Today’s lemon buttermilk cake recipe is a simple but yummy cake that will feed a crowd. I found it on the good old Betty Crocker website. I love recipes that use my jelly roll pan especially when I need a treat to feed a big group. I must say that my hubby is not a fan of lemon desserts. However, I got him to give this one a try and he was going back for seconds. The lemon in this lemon buttermilk cake is not overpowering. It’s just a pleasant little fresh taste of lemon in a deliciously sweet and moist cake.
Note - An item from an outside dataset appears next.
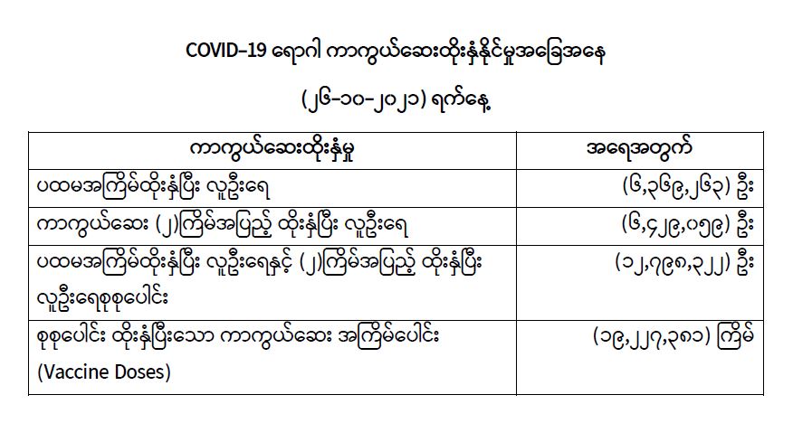 COVID-19 ရောဂါ ကာကွယ်ထိန်းချုပ်ရေးအတွက် တိုင်းဒေသကြီး/ပြည်နယ်များတွင် COVID-19 ရောဂါကာကွယ်ဆေးကို ဦးတည်အုပ်စုများသတ်မှတ်၍ ထိုးနှံပေးလျက်ရှိရာ (၂၆-၁၀-၂၀၂၁) ရက်နေ့အထိ လူဦးရေ စုစုပေါင်း (၁၂,၇၉၈,၃၂၂) ဦးအား ထိုးနှံပေးပြီးဖြစ်၍ ကာကွယ်ဆေးနှစ်ကြိမ် အပြည့်ထိုးနှံပြီးစီးသူ (၆,၄၂၉,၀၅၉) ဦး နှင့် ပထမအကြိမ်ထိုးနှံပြီးစီးသူ (၆,၃၆၉,၂၆၃) ဦး ရှိပြီဖြစ် ပါသည်။ သို့ဖြစ်ပါ၍ (၂၆-၁၀-၂၀၂၁) ရက်နေ့အထိ မြန်မာနိုင်ငံတွင် COVID-19 ရောဂါကာကွယ် ဆေးအကြိမ်ရေ စုစုပေါင်း (၁၉,၂၂၇,၃၈၁) ကြိမ် ထိုးနှံပြီး ဖြစ်ပါသည်။

If you need any other sweets that will feed a crowd, here are my favorites!
I wanted to give you all a heads up that starting Monday, I will begin sharing my experiences from an event I went to called ” Baking with Betty”. And yes you guessed right, it was the big Betty, Betty Crocker. I will have 4 days full of what I learned and what I tried. I must say that I did come home crashing from a sugar high. I did it all for YOU though (he he). I had to sample all those sweet sensations so I could share it all with you (he he). So be sure to stop by next week for all the details.
Lemon Buttermilk Cake
Real Mom Kitchen
- 1 box Betty Crocker® SuperMoist® lemon cake mix
- 1 ¼ cups buttermilk
- ⅓ cup vegetable oil
- 3 eggs
- Frosting and Garnish
- ⅓ cup shortening
- ⅓ cup butter or margarine softened (I'm a butter girl)
- 1 teaspoon grated lemon peel
- 2 tablespoons lemon juice
- 3 cups powdered sugar
- Heat oven to 350°F (or 325°F for dark or nonstick pan). Spray bottom and sides of 15x10x1-inch pan with baking spray with flour.
- 2. In large bowl, beat cake mix, buttermilk, oil and eggs with electric mixer on low speed 30 seconds. Beat on medium speed 2 minutes, scraping bowl occasionally. Pour into pan.
- 3. Bake 15 to 20 minutes or until toothpick inserted in center comes out clean. Cool completely, about 1 hour.
- 4. In medium bowl, beat shortening, butter, grated lemon peel, lemon juice and powdered sugar on high speed until smooth and creamy; add more lemon juice if needed. Spread over cake.